• **EXERCISE GOAL**: Output nothing but the lines from the beginning of the listing below through the line containing "NYC faces a", exactly as they stand, without pictures.

• **DATA SHOWN**:
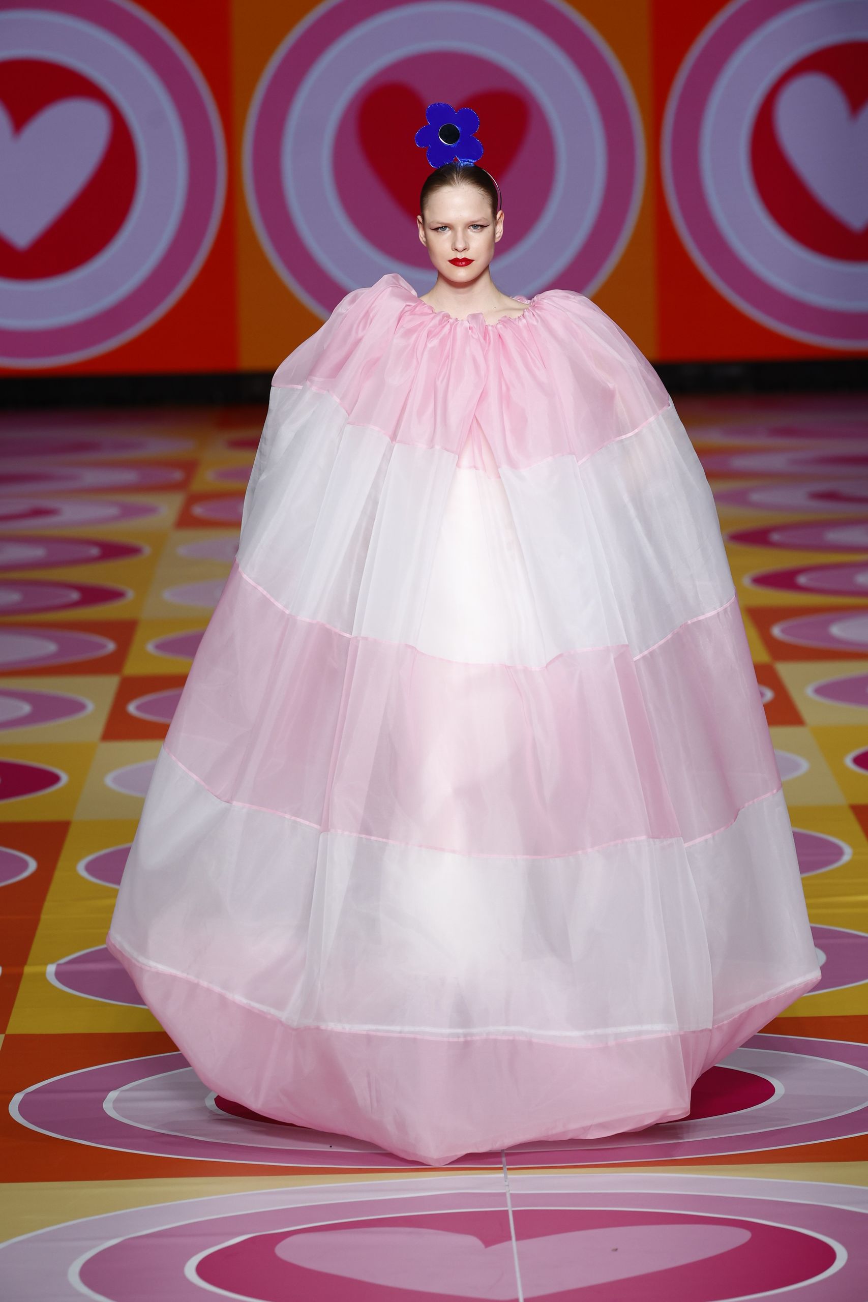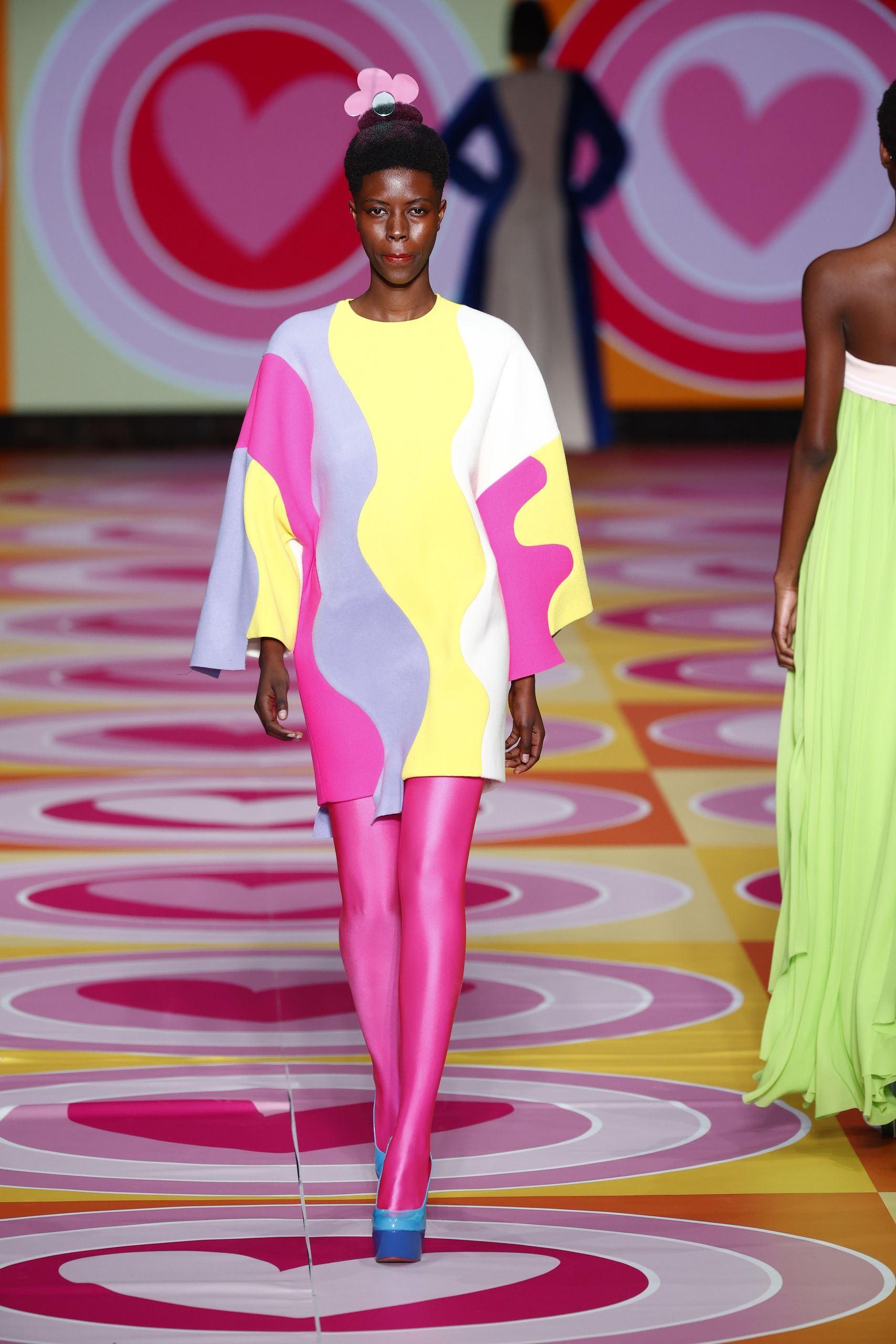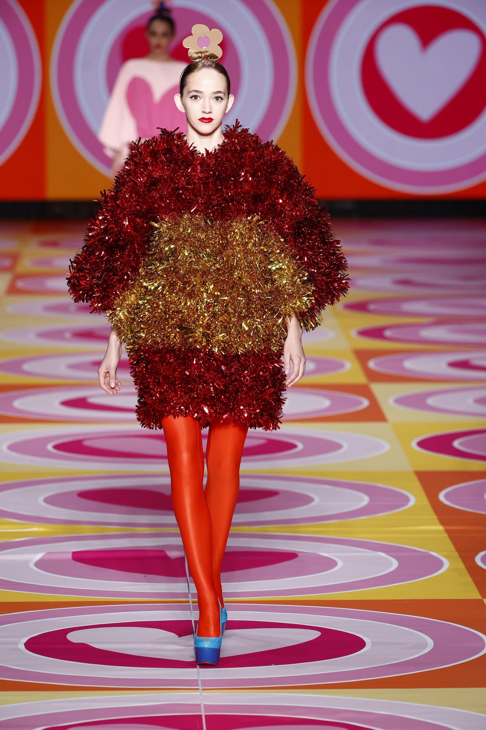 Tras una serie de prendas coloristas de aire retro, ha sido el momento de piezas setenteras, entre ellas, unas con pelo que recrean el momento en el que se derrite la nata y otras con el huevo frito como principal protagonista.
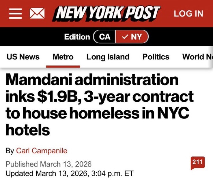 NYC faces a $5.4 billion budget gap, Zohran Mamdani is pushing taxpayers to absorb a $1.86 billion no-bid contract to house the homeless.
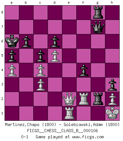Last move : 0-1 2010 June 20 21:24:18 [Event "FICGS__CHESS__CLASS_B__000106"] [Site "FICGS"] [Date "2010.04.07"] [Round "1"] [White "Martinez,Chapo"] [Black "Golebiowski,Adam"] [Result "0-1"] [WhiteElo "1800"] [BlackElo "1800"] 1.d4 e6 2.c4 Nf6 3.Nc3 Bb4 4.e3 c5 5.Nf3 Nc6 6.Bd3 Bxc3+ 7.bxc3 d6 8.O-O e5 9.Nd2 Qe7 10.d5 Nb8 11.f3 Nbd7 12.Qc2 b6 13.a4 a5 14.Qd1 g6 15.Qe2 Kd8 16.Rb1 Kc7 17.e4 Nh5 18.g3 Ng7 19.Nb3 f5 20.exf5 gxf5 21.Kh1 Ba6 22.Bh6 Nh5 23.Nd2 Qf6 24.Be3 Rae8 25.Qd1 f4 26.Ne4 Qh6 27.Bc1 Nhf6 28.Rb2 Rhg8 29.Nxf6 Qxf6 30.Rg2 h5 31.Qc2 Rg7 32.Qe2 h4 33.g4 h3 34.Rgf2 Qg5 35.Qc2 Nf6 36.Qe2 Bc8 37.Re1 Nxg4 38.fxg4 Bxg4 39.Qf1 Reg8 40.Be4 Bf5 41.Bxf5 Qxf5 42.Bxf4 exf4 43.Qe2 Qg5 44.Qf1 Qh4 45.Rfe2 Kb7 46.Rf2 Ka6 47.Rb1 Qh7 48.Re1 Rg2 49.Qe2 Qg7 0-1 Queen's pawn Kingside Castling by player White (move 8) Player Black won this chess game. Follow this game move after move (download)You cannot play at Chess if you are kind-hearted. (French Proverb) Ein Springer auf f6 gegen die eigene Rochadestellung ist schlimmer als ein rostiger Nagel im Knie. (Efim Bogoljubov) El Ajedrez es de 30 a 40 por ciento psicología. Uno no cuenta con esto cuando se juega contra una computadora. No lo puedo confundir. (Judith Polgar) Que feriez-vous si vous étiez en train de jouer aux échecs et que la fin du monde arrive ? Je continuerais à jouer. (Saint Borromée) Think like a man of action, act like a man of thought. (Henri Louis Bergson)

• **RESULT**:
 Tras una serie de prendas coloristas de aire retro, ha sido el momento de piezas setenteras, entre ellas, unas con pelo que recrean el momento en el que se derrite la nata y otras con el huevo frito como principal protagonista.
 NYC faces a $5.4 billion budget gap, Zohran Mamdani is pushing taxpayers to absorb a $1.86 billion no-bid contract to house the homeless.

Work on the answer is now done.